Spatial skills are cognitive skills associated with understanding space and spatial operations. Spatial skills involve tasks like mental rotation of 3-dimensional objects, understanding how a flat pattern could fold up into a 3-dimensional shape and being able to visualise a cross-section of a complex structure.
Parts of our brain are well developed to understand and store spatial information, so that early humans could keep track of the world around them. However, it turns out that these brain structures can be used to understand much more than just spatial information, but in fact any non-verbal information.
Spatial skills appear to be closely related to these brain structures, which explains why they are so often related to success in many aspects of learning.
Spatial skills are malleable and can be trained, which has been demonstrated in many different contexts. Many different activities can train spatial skills, like using construction toys or blocks, map reading and playing video games. But it is not common to see spatial skills developed in typical school curricula. We broadly recognise the importance of maths and literacy, but not spatial skills.

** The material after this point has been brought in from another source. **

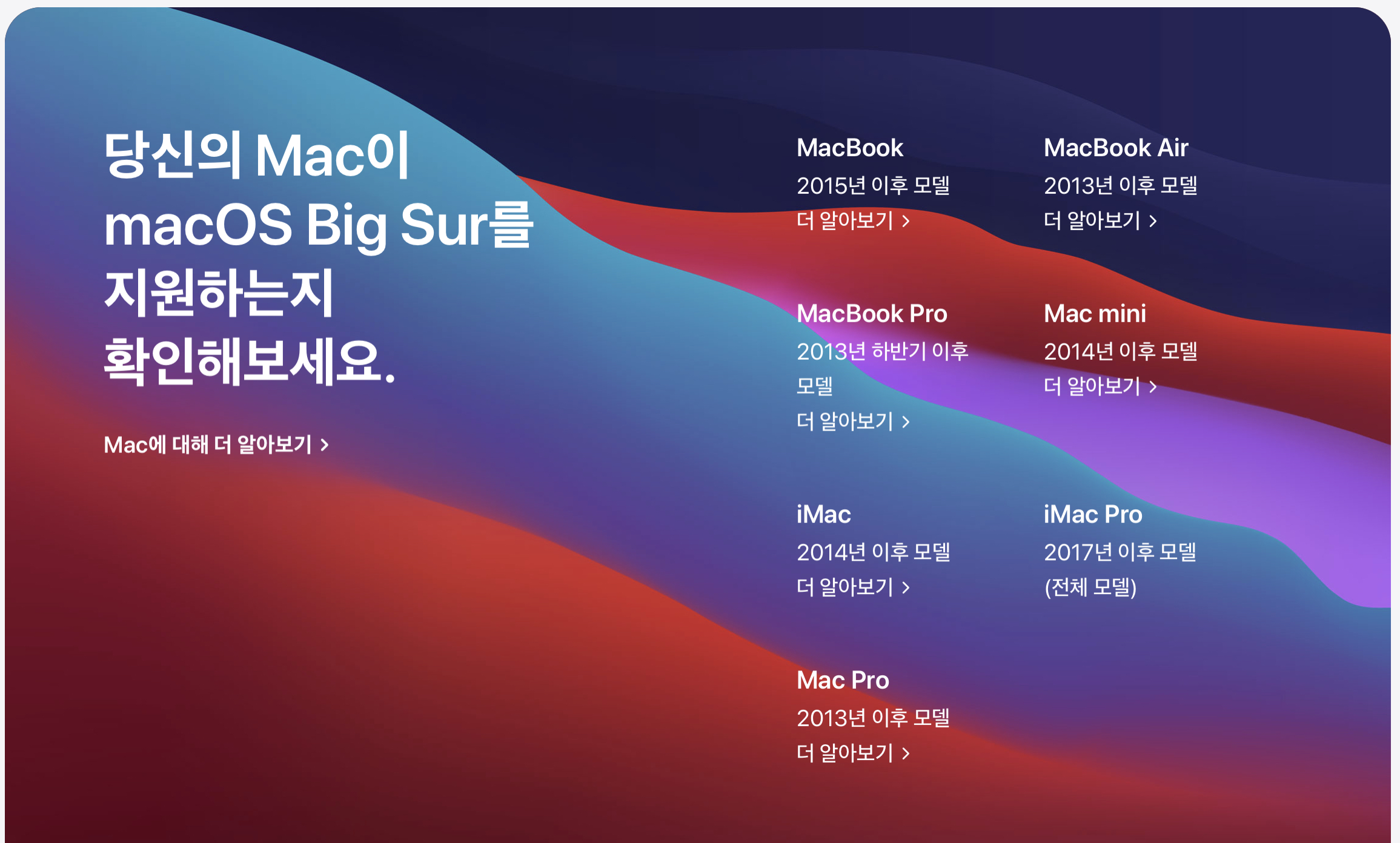 업데이트는 최근 발매되는 맥 시리즈에 대해서는 언제나 그렇듯 지원할 예정입니다. 이미 업데이트가 가능한 맥 시리즈에 대해서는 아래와 같이 공식 홈페이지를 통해서 안내하고 있으니 본인이 가지고 계신 맥이 해당되지 사전에 확인해보세요!

Since spatial skills aren't developed formally in school, they develop irregularly in school-aged children. Children who happen to have the right experiences and opportunities, which are often gendered and can be prohibitively expensive, are the lucky ones, who will be well set up for many fields of later study. But children who miss out on these experiences and don't get a chance to develop their spatial skills might end up struggling in some classes later in school.